Can emotional stress lead to an aortic dissection?

Severe Physical and Emotional Stress May Cause Catastrophic Tear in Aorta

November 01, 2007

by Office of Public Affairs & Communications

Intense physical exertion or an extreme emotion, like shoveling snow or anxiety over big gambling losses, can cause a rupture in the main artery leading to and from the heart, according to a Yale School of Medicine study in the American Journal of Cardiology.
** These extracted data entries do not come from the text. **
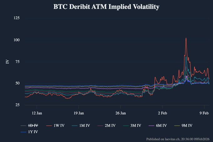 2월 5일, 데리빗(Deribit) 에서 비트코인(BTC) 코인(BTC) 옵션 24시간 거래량 사상 최고치인 14만 310계약을 기록했으며, 이 중 풋옵션이 8만 2080계약, 콜옵션이 5만 8230계약이었다. 이러한 옵션 거래량 급증은 급격한 시장 매도세와 맞물려 발생했는데, 비트코인(BTC) 2월 5일 약 15% 하락하여 6만 2000달러 부근까지 떨어졌고, 2월 6일에는 하락세가 지속되어 6만 달러까지 하락했다. 거래량 옵션 거래량은 역대 최고치를 경신했다.
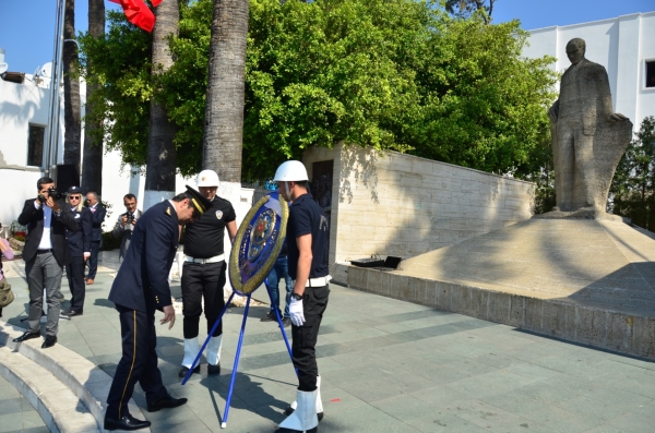 Atatürk Anıtına İlçe Emniyet Müdürlüğü'nün çelenginin konulması ile başlayan tören, saygı duruşu ve İstiklal Marşının okunması ile devam etti. Daha sonra Bodrum Kaymakamı Bekir Yılmaz ile Bodrum İlçe Emniyet Müdürü Ertan Sarıkaya günün anlam ve önemi belirten birer konuşma yaptı. Bodrum İlçe Emniyet Müdürü Ertan Sarıkaya konuşmasında, “Milletimizin sevgi ve güven desteğini almış huzur ve emniyetimizin teminatı olan Türk Polis Teşkilatının 173. Yıldönümünü kutlamak üzere toplanmış bulunmaktayız. Emniyet teşkilatı toplumda huzur ve düzeni sağlamak, vatandaşın can ve mal güvenliğini korumak, kanunun hakimiyetini ve devlet otoritesini sağlamak gibi çok önemli ve hayati görevler üstlenmiştir. Bizler bu görevi yerine getirirken demokratik laik ve sosyal hukuk devletinin bir kurumu olduğumuzu asla unutmuyoruz. Şunun bilinmesini isteriz ki 15 Temmuz’dan sonra daha da kuvvetliyiz. Ülkemizin ve milletimizin bölünmez bütünlüğüne karşı oynanan oyunlarda ve saldırılarda tüm şer odakları karşılarında bizleri bulacaklar ve asla hain emellerine ulaşamayacaklardır. Bizlere teslim edilen mukaddes emanetini, vatandaşımızın can mal ve namus dokunulmazlığını dün olduğu gibi bugün ve yarın da korumaya devam ederek meslek yeminimizde olduğu gibi vatan millet ve bayrak uğruna gerektiğinde canımızı feda etmekten çekinmeyeceğiz” ifadelerini kullandı.
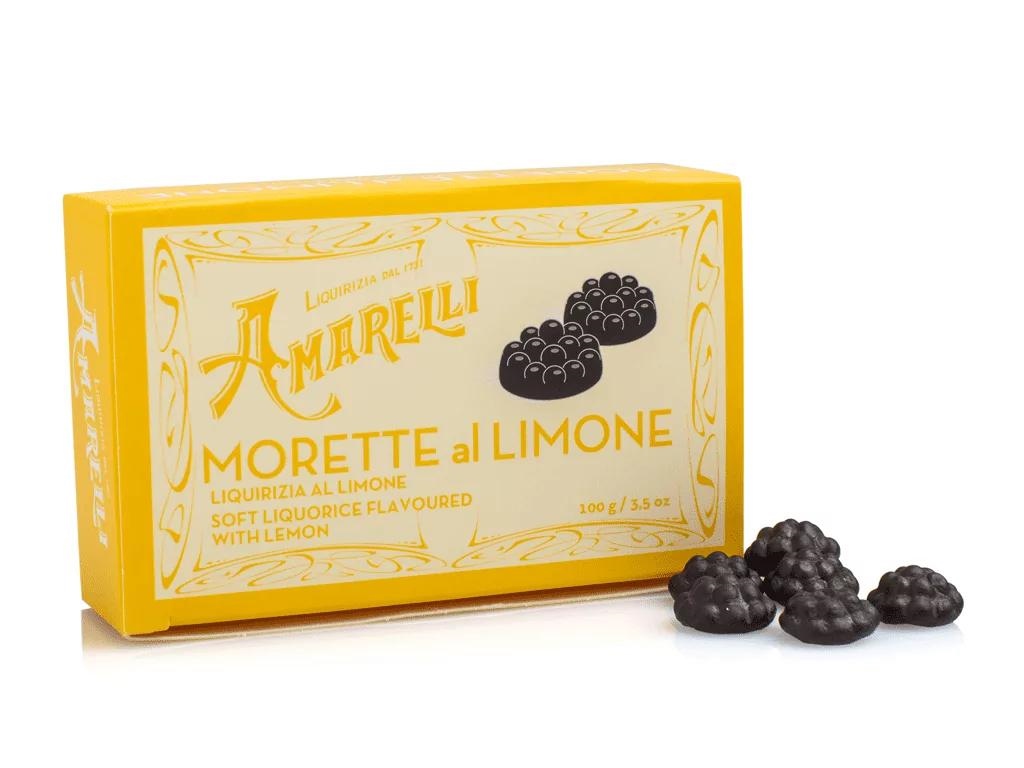 Gommose e dal gusto delizioso: le Morette al Limone Amarelli in un'elegante e colorata scatolina di carta. Gusto: Liquirizia al limone Confezione: Scatola Peso: 100g Specialità: Morette Classico ed elegante astuccio in cartone da 100g.

This damage to the inner wall of the aorta is known as an aortic dissection (ADD), in which a tear in the wall creates two channels. The blood continues to travel in one channel but is stagnant in the other, causing the rupture to balloon and push on other branches of the aorta, constricting their blood flow. The condition can be fatal.

The senior author of the study, John Elefteriades, M.D., section chief of cardiothoracic surgery, said an increase in blood pressure can lead to a dissection, but the events that might precipitate the underlying hypertension are not well understood.

To answer this question, Elefteriades and his co-authors interviewed 90 patients who had an aortic dissection and asked what happened right before the rupture occurred. Sixty-seven percent identified either severe exertion or severe emotion as a trigger for their ADD.

More specifically, 24 patients said they were involved in activities such as lifting weights or other heavy objects, shoveling snow, changing storm windows, playing racquet ball, doing push ups, or engaging in vigorous sex. Thirty-six patients said they had just experienced a severe emotional blow—including upsetting news, such as a diagnosis of lung cancer, experiencing big losses at the casino, and taking a stressful business trip.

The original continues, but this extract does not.